All records below are to be repeated exactly, with the pictures left out.

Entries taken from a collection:
——

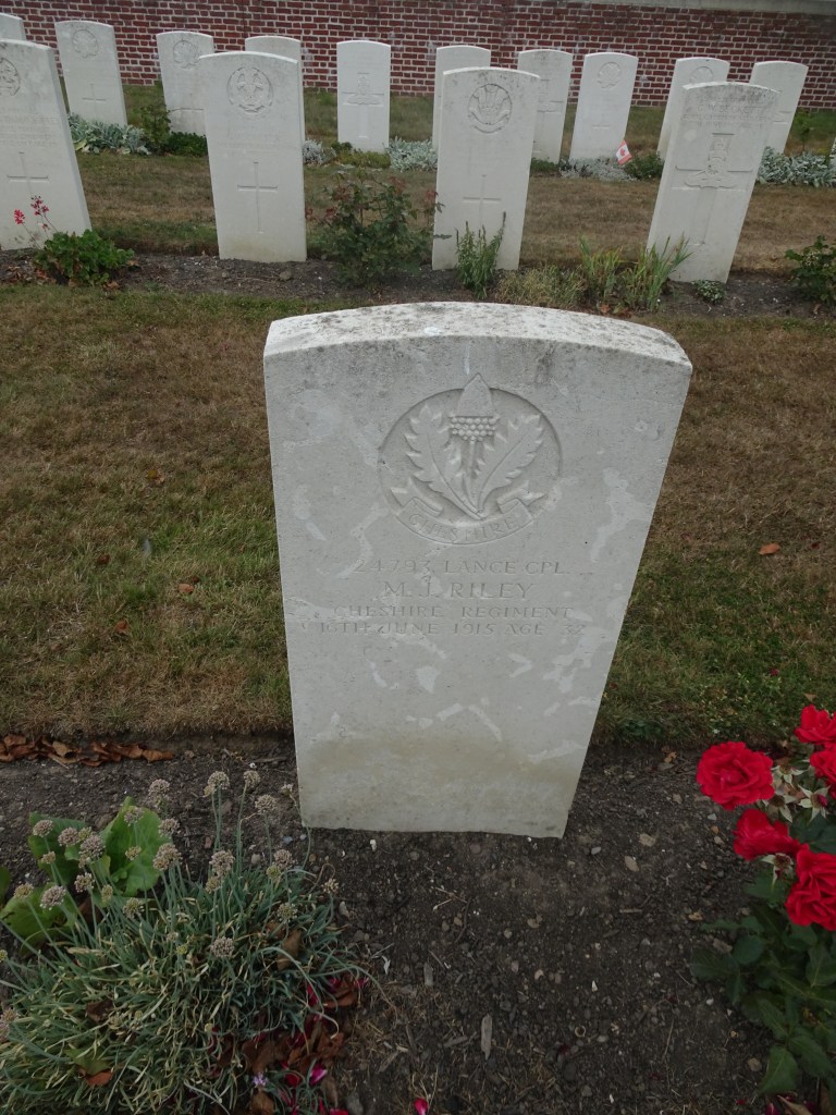 16/06/1915 Lance Corporal Maurice James Riley (Age 31) 2nd Bn. La Clytte Military Cemetery, West-Vlaanderen Belgium. ‘24793’ Son of Maurice James and Ann Riley, of 46, Manchester St., Crewe, Cheshire. Served in the South African Campaign.
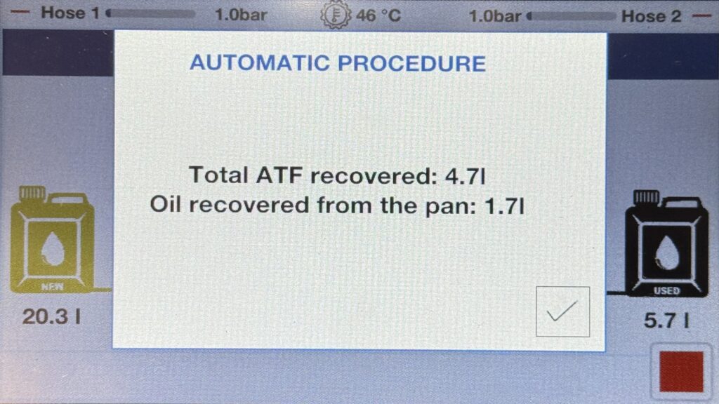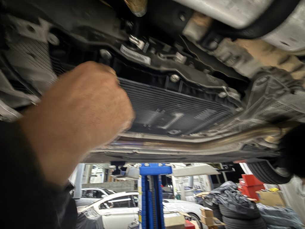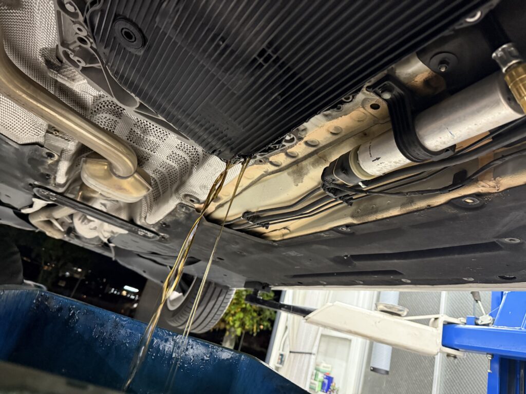 新しいオイルパンを付けて、交換時に吸引と出てきた分をフラッシングする前にGT3が新油を注入します。
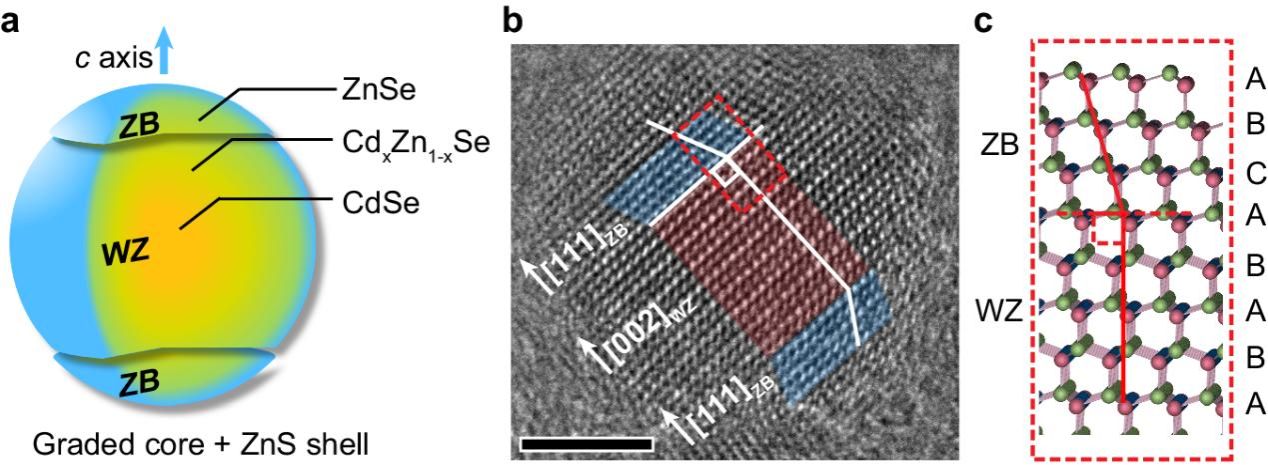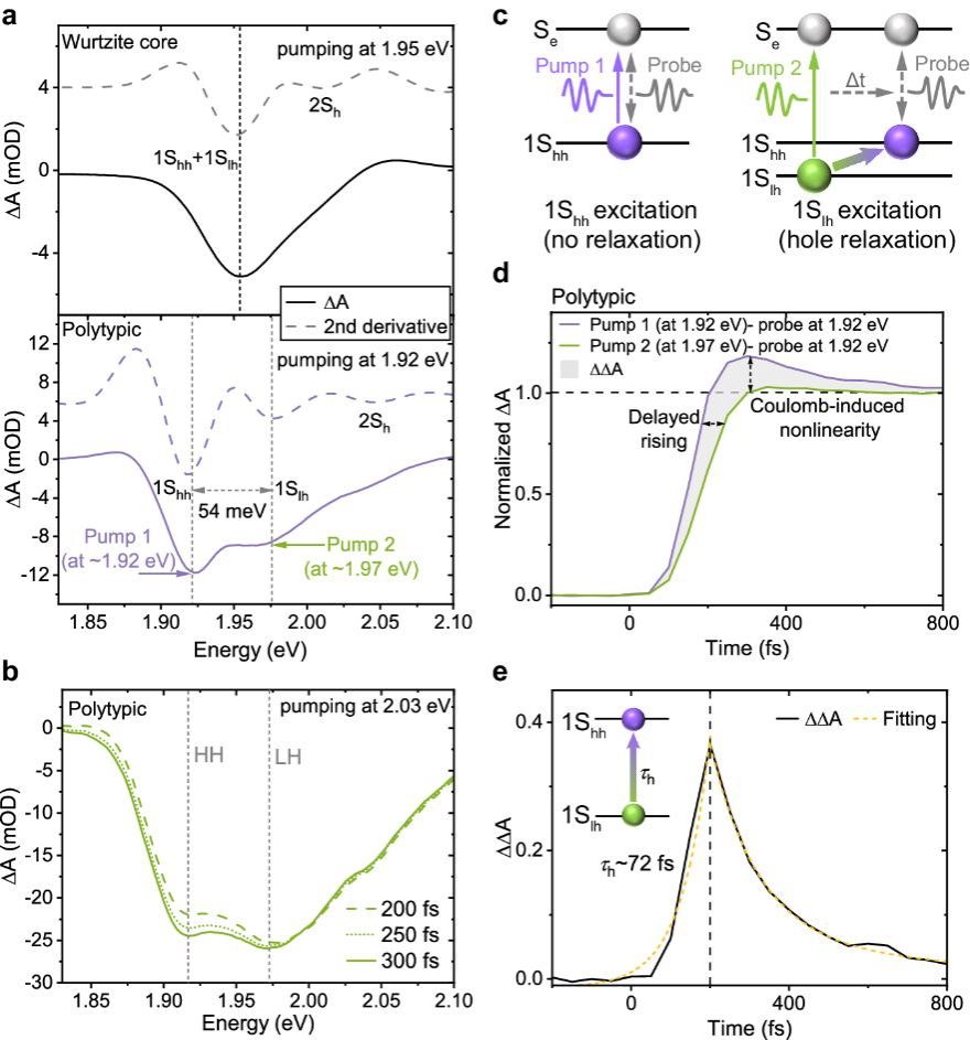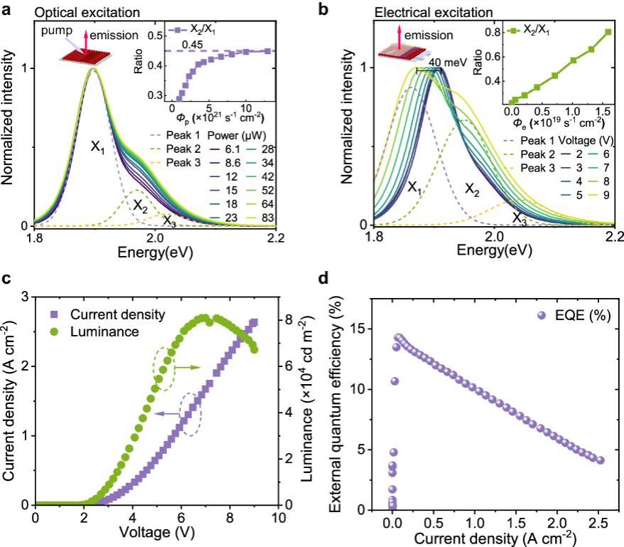 申怀彬教授与中国科学技术大学樊逢佳教授合作,在闪锌矿-纤锌矿复合结构CdZnSe量子点发光二极管(QD-LED)结构中实现了热平衡状态下的高能激子的强电致发光。闪锌矿-纤锌矿复合结构量子点中,原本简并的轻空穴与重空穴发生劈裂,轻空穴形成的高能激子与重空穴形成的基态激子在热平衡下同时发光,其强度比例遵循玻尔兹曼分布和相对振子强度的乘积;在电致激发的情况下,轻空穴激子与重空穴激子受到的电场效应影响程度不同,轻空穴激子的相对振子强度进一步提高,从而仅需较低的电流密度(<2.5 A cm-2)与平均电子浓度(每个量子点中平均电子<0.35),即可有效实现高能激子的电致发光,其光强占比最高可达基态发光的80%。相关研究成果以“Strong high-energy exciton electroluminescence from the light holes of polytypic quantum dots”为题,发表在《Nature Communications》杂志上(//doi.org/10.1038/s41467-024-50432-8)。
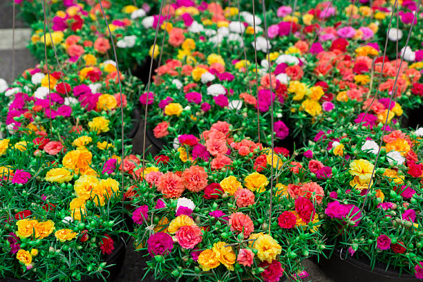 Many small, colorful flowers bloom beautifully
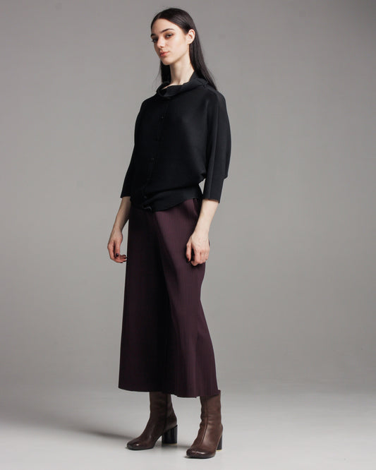 Aubergine Fine Knit Wide Leg Pleated Pants
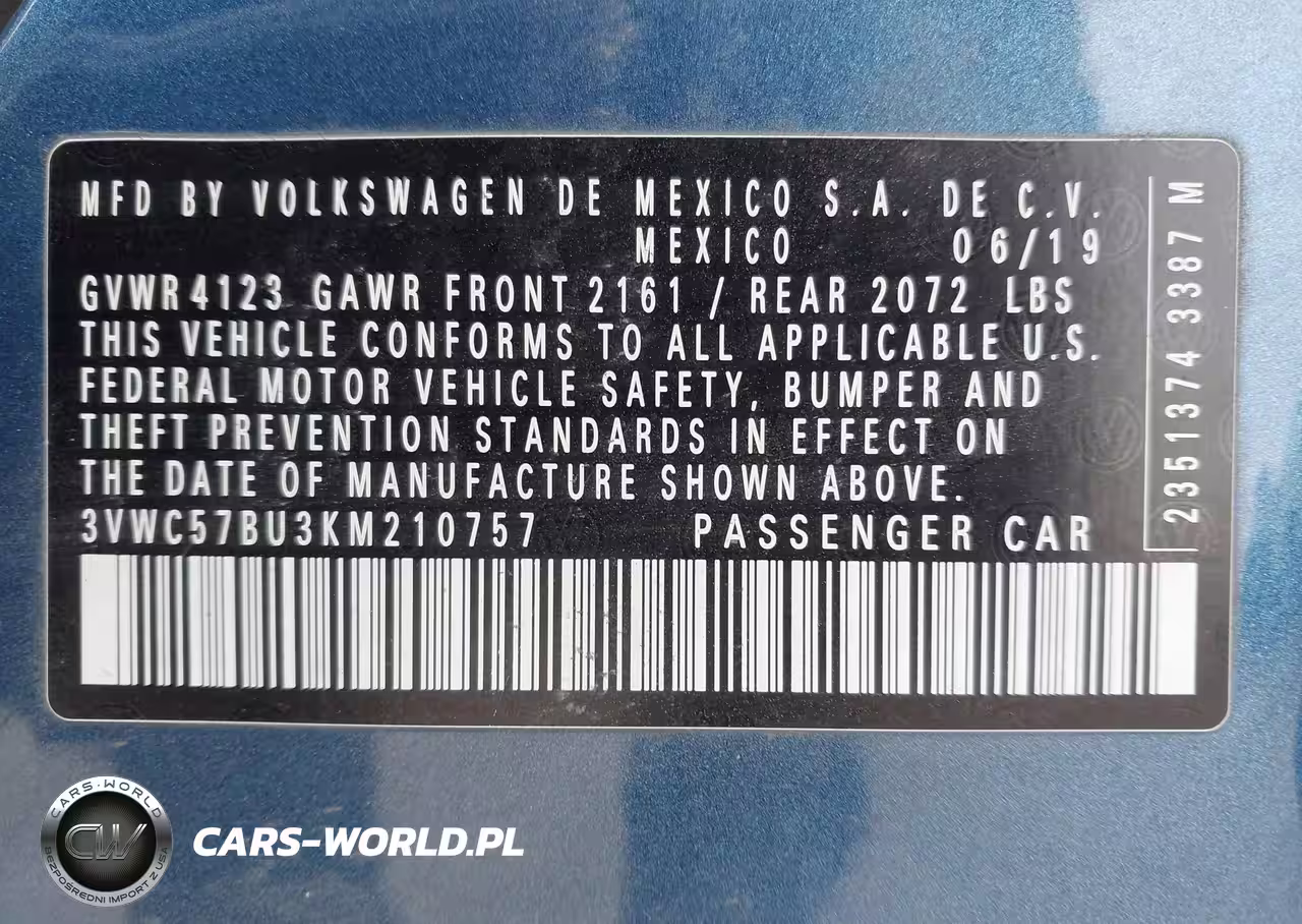 IAAI Nr: I-44646180 VIN: 3VWC57BU3KM210757 Port: Elizabeth, NJ
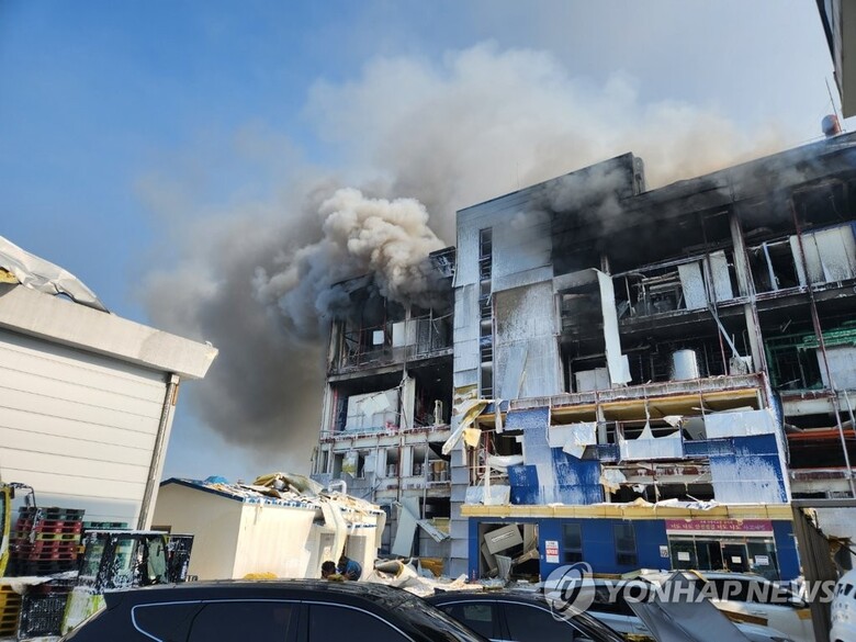 | ▲ 2022년 9월 30일 오후 2시 22분 경기 화성시 향남읍 제약공단 내 화일약품 공장에서 폭발 화재가 발생했다. (사진=연합뉴스) |
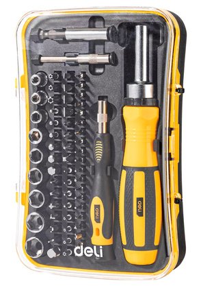 Σετ κατσαβιδιών ακριβείας της Deli το οποίο αποτελείται από 2 κατσαβίδια, 2 επεκτάσεις και 61 διαφορετικές κεφαλές και εξαρτήματα κατσαβιδιού.

——

■ **Task answer**
 16/06/1915 Lance Corporal Maurice James Riley (Age 31) 2nd Bn. La Clytte Military Cemetery, West-Vlaanderen Belgium. ‘24793’ Son of Maurice James and Ann Riley, of 46, Manchester St., Crewe, Cheshire. Served in the South African Campaign.
 新しいオイルパンを付けて、交換時に吸引と出てきた分をフラッシングする前にGT3が新油を注入します。
 申怀彬教授与中国科学技术大学樊逢佳教授合作,在闪锌矿-纤锌矿复合结构CdZnSe量子点发光二极管(QD-LED)结构中实现了热平衡状态下的高能激子的强电致发光。闪锌矿-纤锌矿复合结构量子点中,原本简并的轻空穴与重空穴发生劈裂,轻空穴形成的高能激子与重空穴形成的基态激子在热平衡下同时发光,其强度比例遵循玻尔兹曼分布和相对振子强度的乘积;在电致激发的情况下,轻空穴激子与重空穴激子受到的电场效应影响程度不同,轻空穴激子的相对振子强度进一步提高,从而仅需较低的电流密度(<2.5 A cm-2)与平均电子浓度(每个量子点中平均电子<0.35),即可有效实现高能激子的电致发光,其光强占比最高可达基态发光的80%。相关研究成果以“Strong high-energy exciton electroluminescence from the light holes of polytypic quantum dots”为题,发表在《Nature Communications》杂志上(//doi.org/10.1038/s41467-024-50432-8)。
 Many small, colorful flowers bloom beautifully
 Aubergine Fine Knit Wide Leg Pleated Pants
 IAAI Nr: I-44646180 VIN: 3VWC57BU3KM210757 Port: Elizabeth, NJ
 | ▲ 2022년 9월 30일 오후 2시 22분 경기 화성시 향남읍 제약공단 내 화일약품 공장에서 폭발 화재가 발생했다. (사진=연합뉴스) |
 Σετ κατσαβιδιών ακριβείας της Deli το οποίο αποτελείται από 2 κατσαβίδια, 2 επεκτάσεις και 61 διαφορετικές κεφαλές και εξαρτήματα κατσαβιδιού.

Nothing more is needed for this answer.